Он вытащил кинжал, раскосыми глазами стал рассматривать клинок, стал щупать на ноготь лезвие.

Долгополов оробел, подумал: «Влопался, никак. Кажись, бунтовский начальник?» И, запинаясь, ответил:

– Я везу государю подарок из Питера.

– А ну, кажи! – еще строже приказал видный, дородный Канзафар и посверкал кинжалом.

Долгополов нехотя развязал кису.

– Карош подарок, шибко карош, – проговорил Канзафар.

Он был очень подозрителен и решил сопровождать купца до царской ставки. Приняли путь к городу Осе. Разъезды попадались еще чаще, но путников никто теперь не останавливал.

На другой день Канзафар стал настойчиво приставать к купцу, от кого он везет подарки государю. Долгополов сначала мялся, потом не колеблясь объявил, что едет он с дарами от великого князя цесаревича Павла Петровича. Жирное скуластое лицо Канзафара растеклось в сладостную улыбку. Прикряхтывая, он зачастил: «Якши, якши, якши!» И послал сына своего предупредить государя о радостном известии.

3

Через три дня Долгополов прибыл в войско. Пугачев стоял в сорока верстах от Осы. Сын Канзафара Усаева, присланный своим отцом, успел прискакать сюда еще вчерашний день. Весть о гонце от наследника престола стала известна многим.

Долгополов был позван к Пугачеву. С немалым трепетом он подходил к царской палатке: вот сейчас увидит государя императора, бритого, напудренного, в буклях, в треуголке, в высоких тугих ботфортах. Но, войдя к царю, он остолбенел, едва не крикнул: перед ним сидел на ковре, поджав по-татарски ноги, чернобородый дядя в шелковом халате, лицо крепкое, румяное, с загаром, темные глаза выпуклые, быстрые, почти весь лоб закрыт в кружок подрубленными, наперед зачесанными волосами. Все же Долгополов низко поклонился.

– Здорово, дедушка, – ответил Пугачев.

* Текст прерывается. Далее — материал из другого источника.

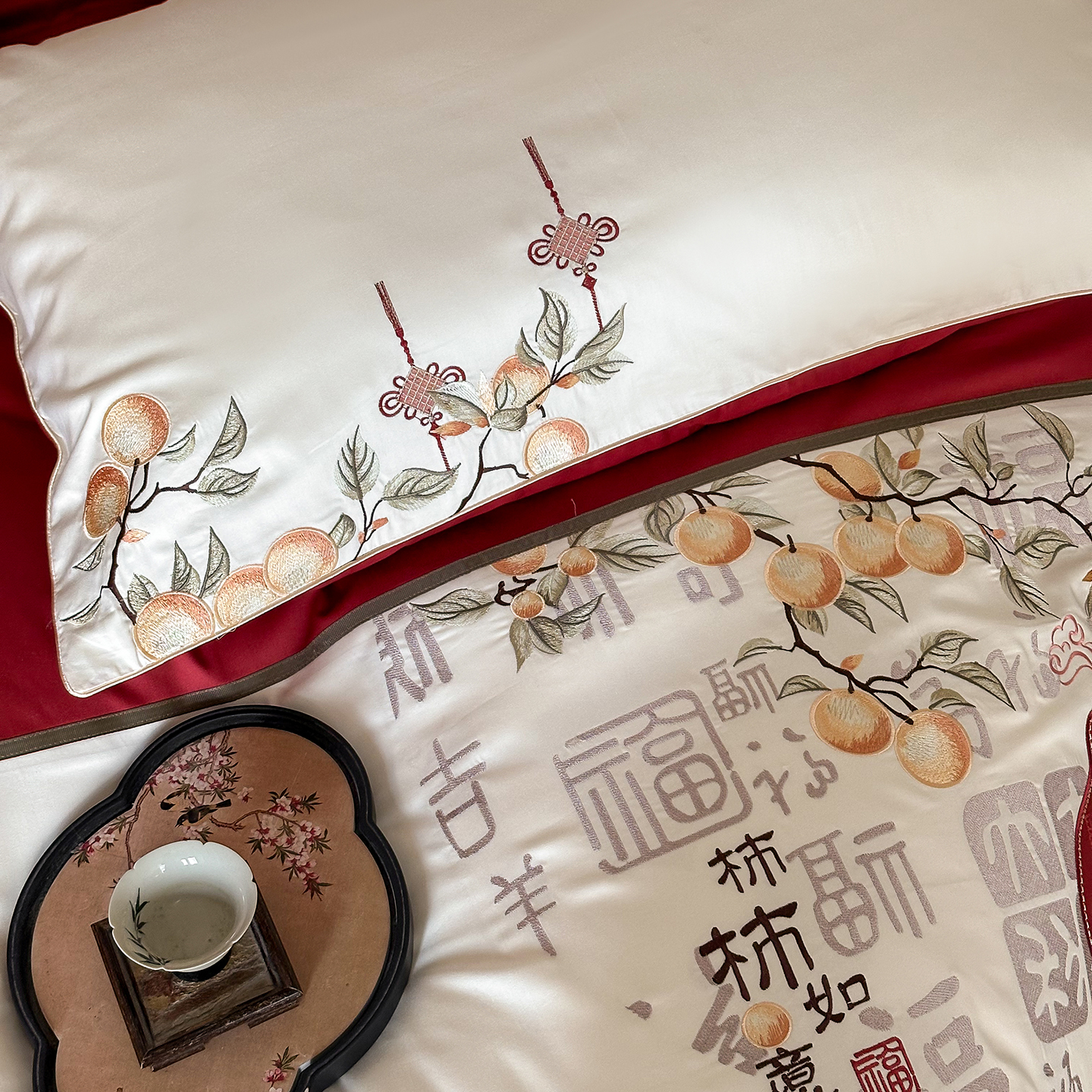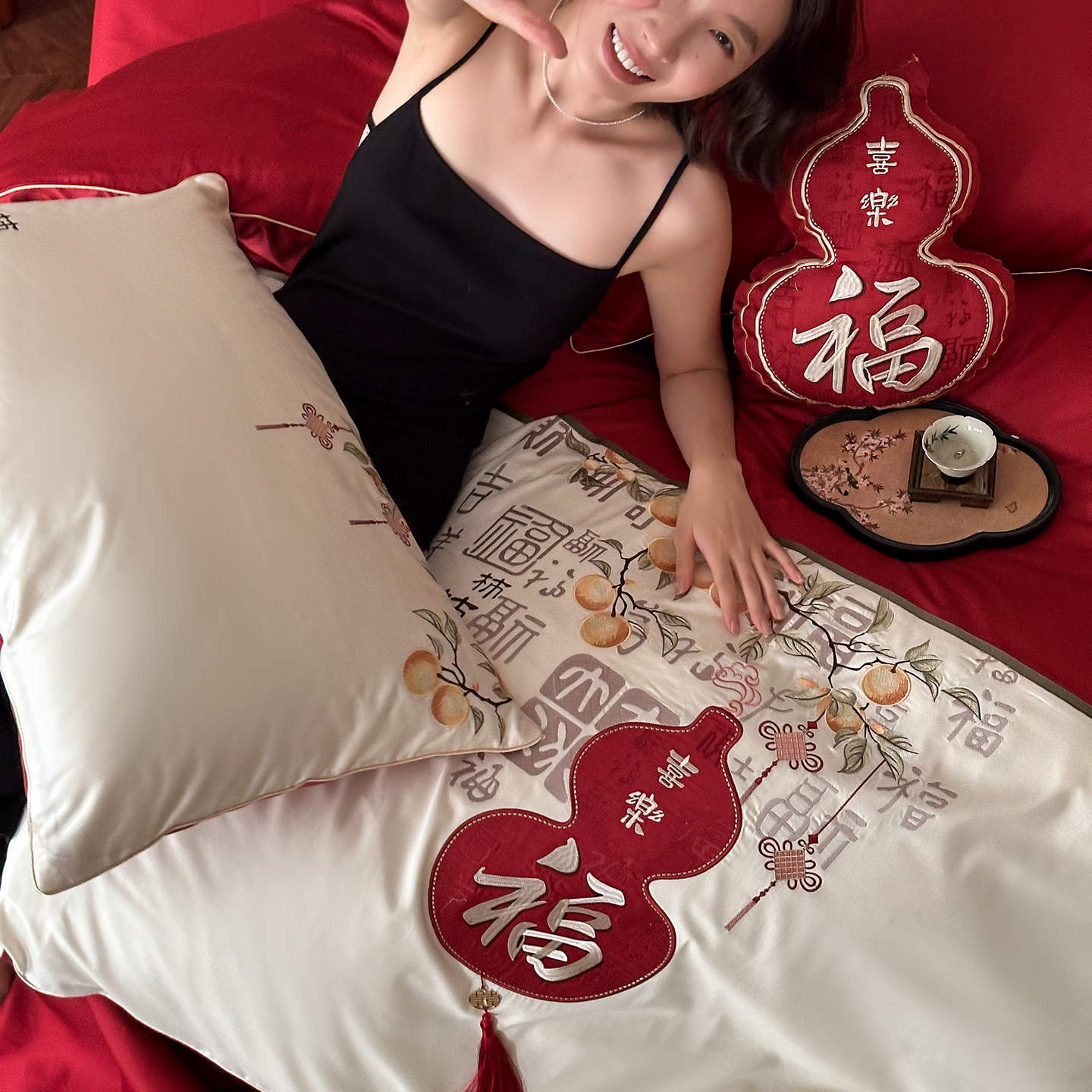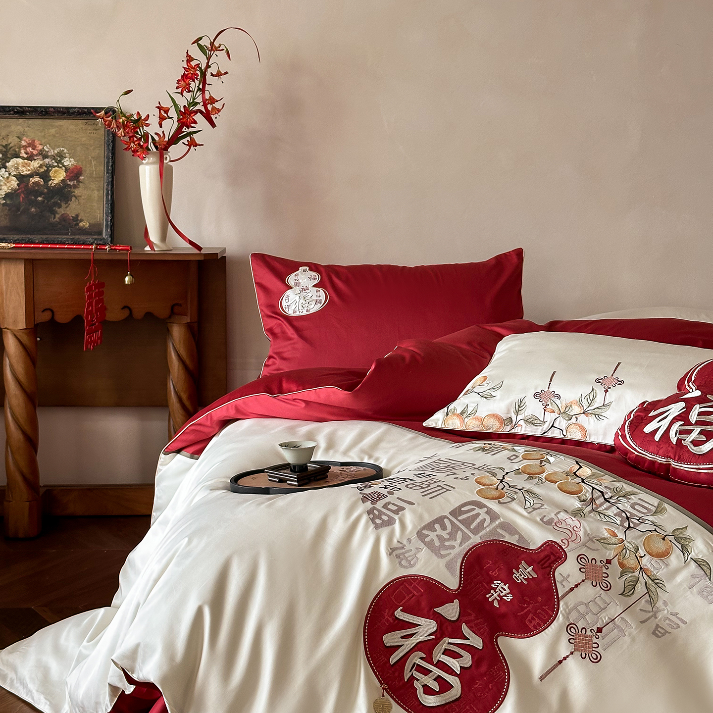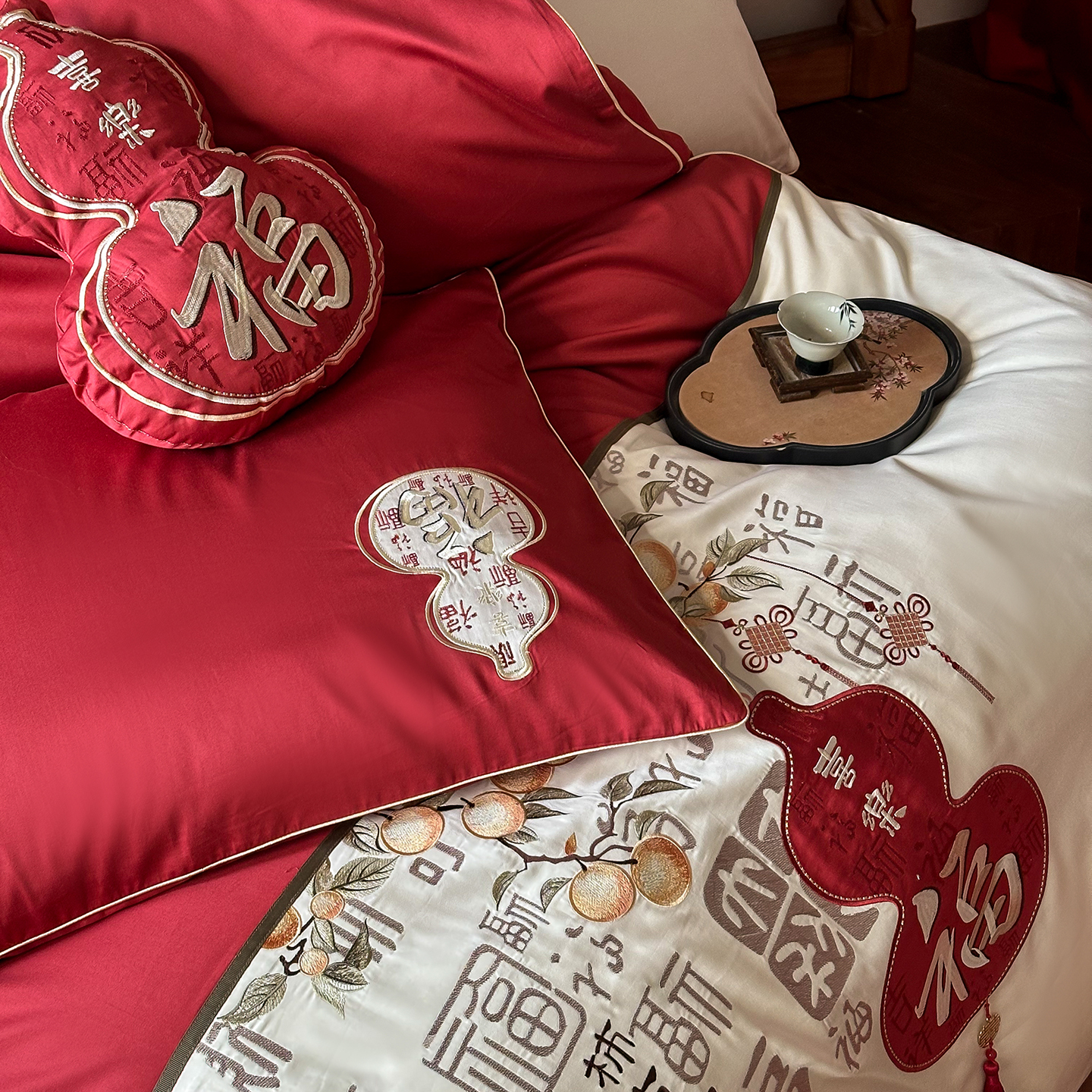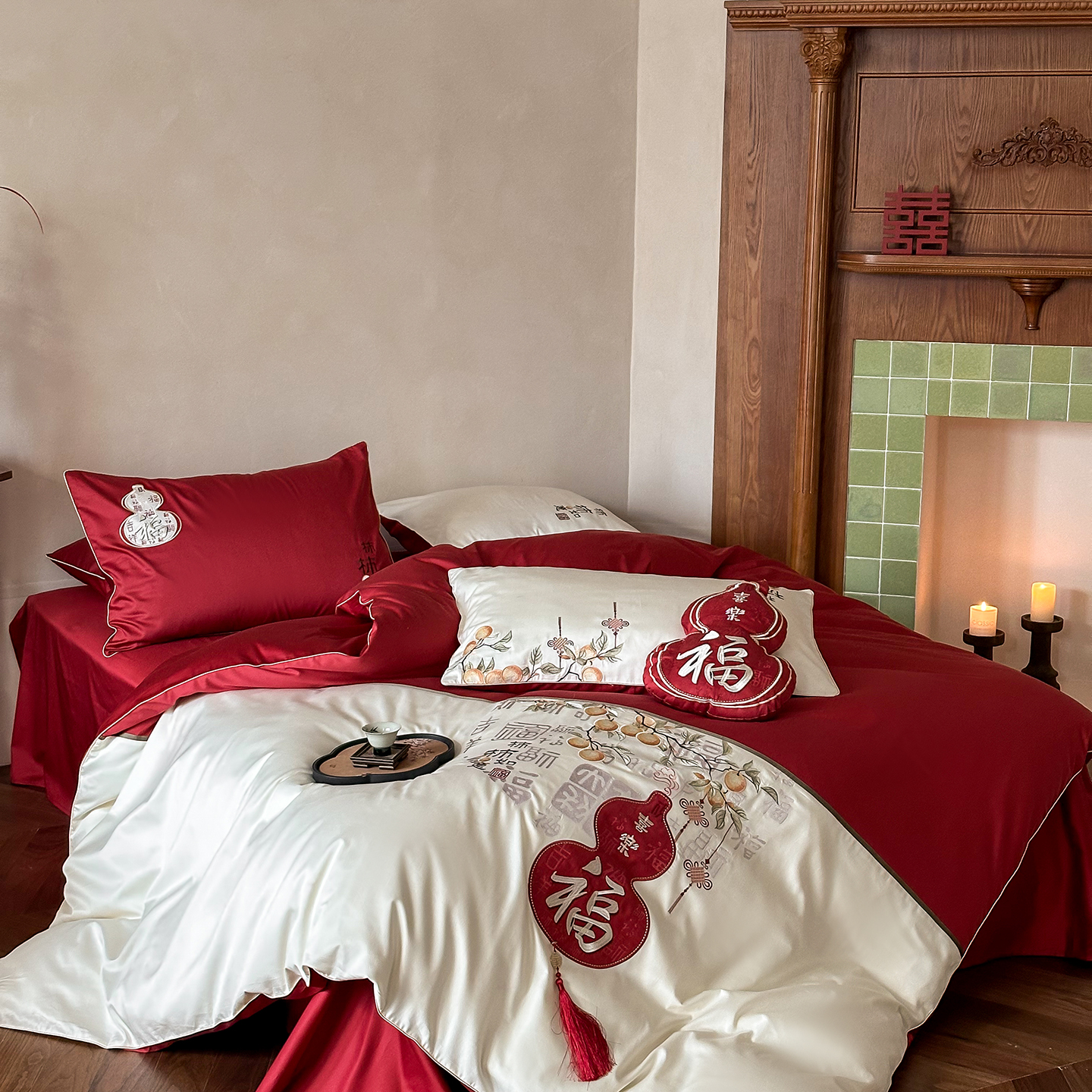 (总)西西家居 2025新款100支长绒棉大红婚庆四件套-柿柿如意

В палатке никого больше не было. – Что за человек, откуда прибыл, к кому и зачем? – спросил Пугачев негромко, усталым голосом.

– Я ржевский купец Остафий Долгополов, прибыл к вашему величеству с подарками от великого князя, наследника Павла Петровича.

– Гм, – промычал Пугачев, и под его усами мелькнула едва приметная улыбка. – От наследника, говоришь?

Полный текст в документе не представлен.